Let $\mathbf{S}$ be symmetric positive semidefinite matrix (i.e. one with all eigenvalues real and non-negative). Then there is an orthogonal matrix $\mathbf{U}$ (with its columns forming an orthonormal basis) such that $\mathbf{U}^\top \mathbf{S} \mathbf{U}$ is diagonal; this basis is of course given by eigenvectors of $\mathbf{S}$.
Consider another basis $\mathbf{V}$ consisting of unit-length but non-orthogonal vectors (so columns of $\mathbf{V}$ have unit length but are not orthogonal) that also diagonalizes $\mathbf{S}$, i.e. $\mathbf{V}^\top \mathbf{S} \mathbf{V}$ is diagonal.
I suspect that the following is true: $\mathrm{Tr}(\mathbf{V}^\top \mathbf{S} \mathbf{V}) \le \mathrm{Tr}(\mathbf{S})=\mathrm{Tr}(\mathbf{U}^\top \mathbf{S} \mathbf{U})$. Is it true? If so, how can it be proved?
Furthermore, is it true that the equality is reached iff V is orthogonal?
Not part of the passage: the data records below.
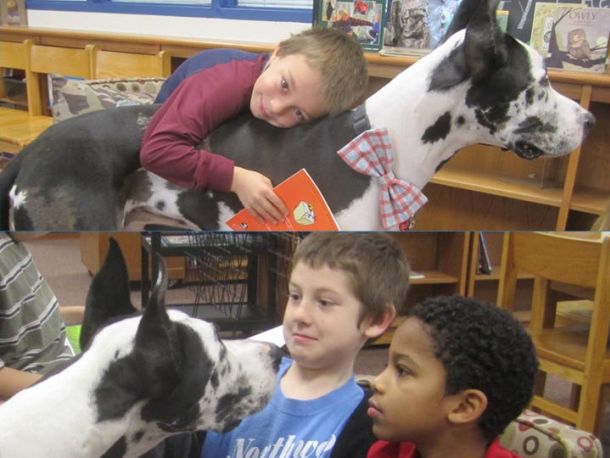 Dozer goes to school: Northwood students read to canine celeb
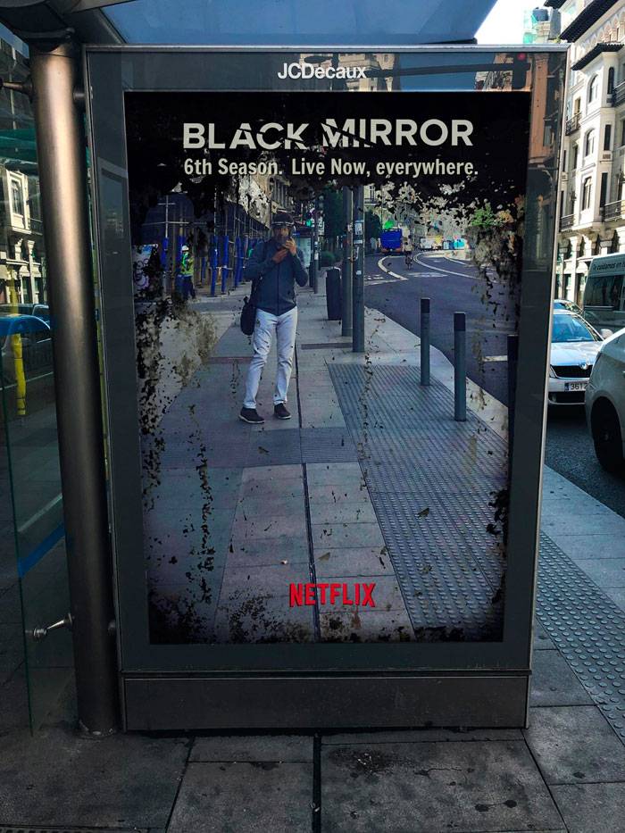 Hace ya unos meses nos deleitamos analizando uno a uno los capítulos de la quinta temporada de la serie de Netflix “Black Mirror”: desde las máquinas que rastrean la memoria de los testigos de un crimen hasta una solución tecnológica con la que vigilar a nuestros hijos para que no les pasa nada malo, pasando por unos robots infalibles y despiadados que cazan seres humanos. Pues bien, la sexta temporada ya se ha estrenado y está sucediendo en el mundo real. Así nos lo muestra está fantástica campaña de exterior con la que Brother Ad School España coloca a Netlix en la genialidad creativa.
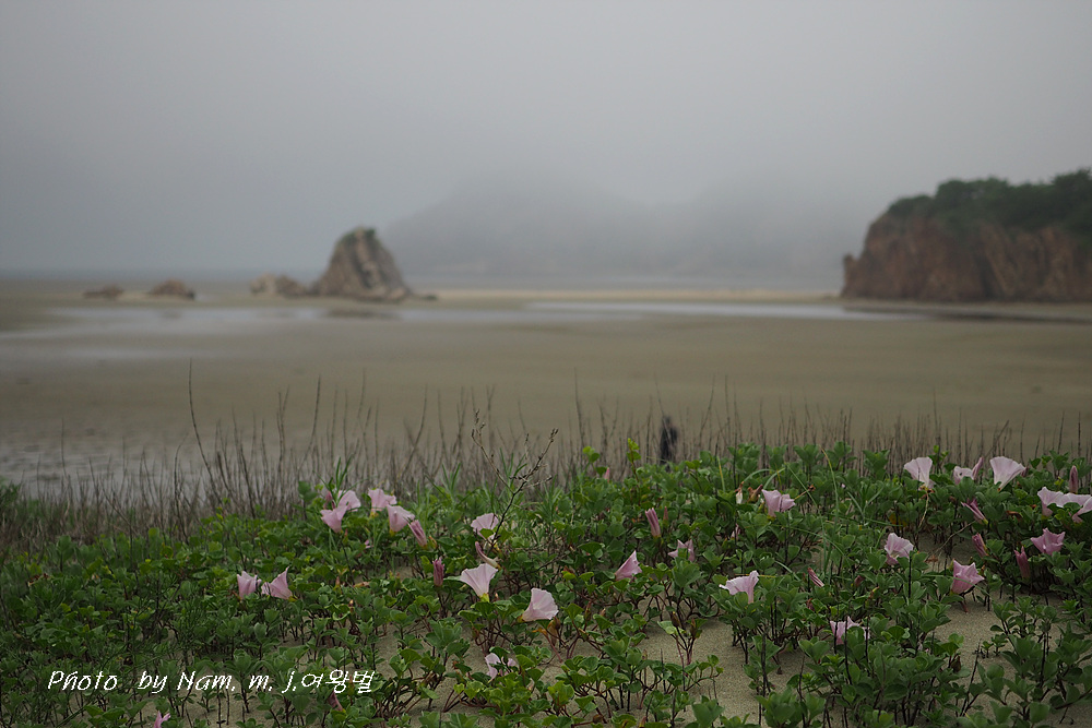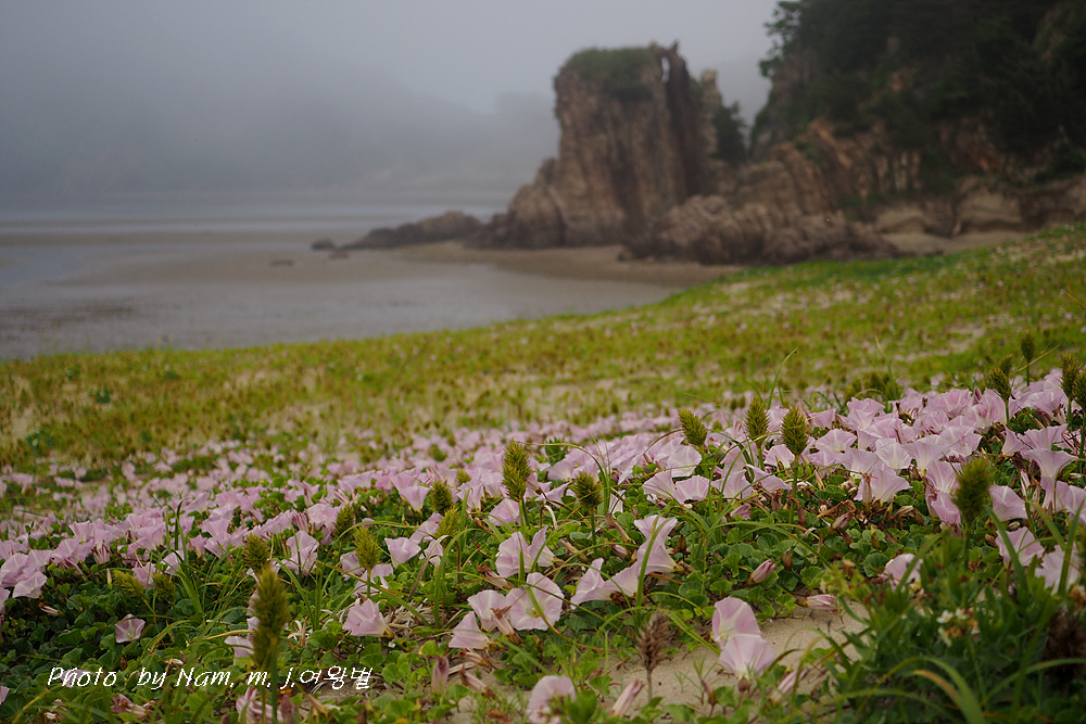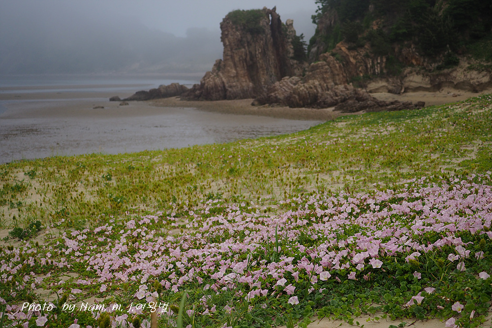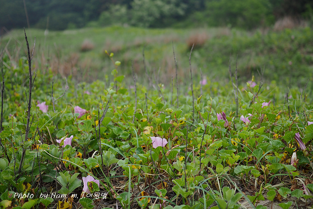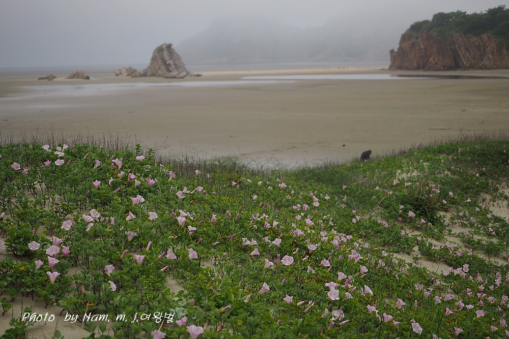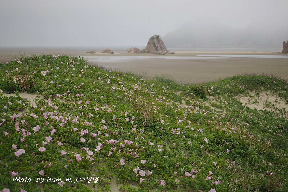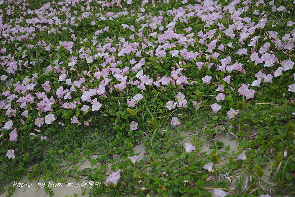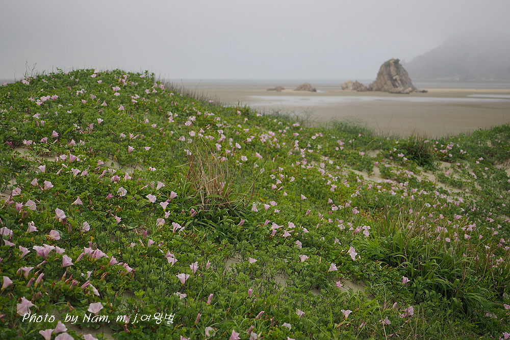 갯메꽃이 점령하고 있던 바닷물이 빠진 해안 구릉에서

Update: Following some confusion in the comments, I would like to clarify that I am considering $\mathbf{S}$ to represent a bilinear form, not a linear form. So with a change of basis it is transformed as $\mathbf{V}^\top \mathbf{S} \mathbf{V}$ and not as $\mathbf{V}^{-1} \mathbf{S} \mathbf{V}$.
Update 2
Let me illustrate where this question comes from; it might provide some additional intuition. $\mathbf{S}$ is actually a covariance matrix of some data (i.e. I have a set of data points $\mathbf{x}_i \in \mathbb{R}^N$, and $\mathbf{S} = \sum_i \mathbf{x}_i \mathbf{x}_i^\top$, up to a constant factor). Trace of $\mathbf{S}$ is total variance of the data, and it of course stays the same if coordinate system is rotated. Now for any unit vector $\mathbf{v}$, variance of the projection of the data on the axis defined by this vector is equal to $\mathbf{v}^\top\mathbf{S}\mathbf{v}$. If I take $N$ orthogonal unit vectors, then sum of these variances is equal to the total variance. I am interested in the situation when I take $N$ non-orthogonal unit vectors, but they are chosen such that all projections of the data on these vectors have zero correlation (or covariance). This condition is equivalent to $\mathbf{V}^\top \mathbf{S} \mathbf{V}$ being diagonal. This means that my projections are "independent"; therefore I am pretty sure that their variances together cannot exceed total variance; total variance should give maximum amount of variance that can be "distributed" between independent components (with maximum being achieved with principal components).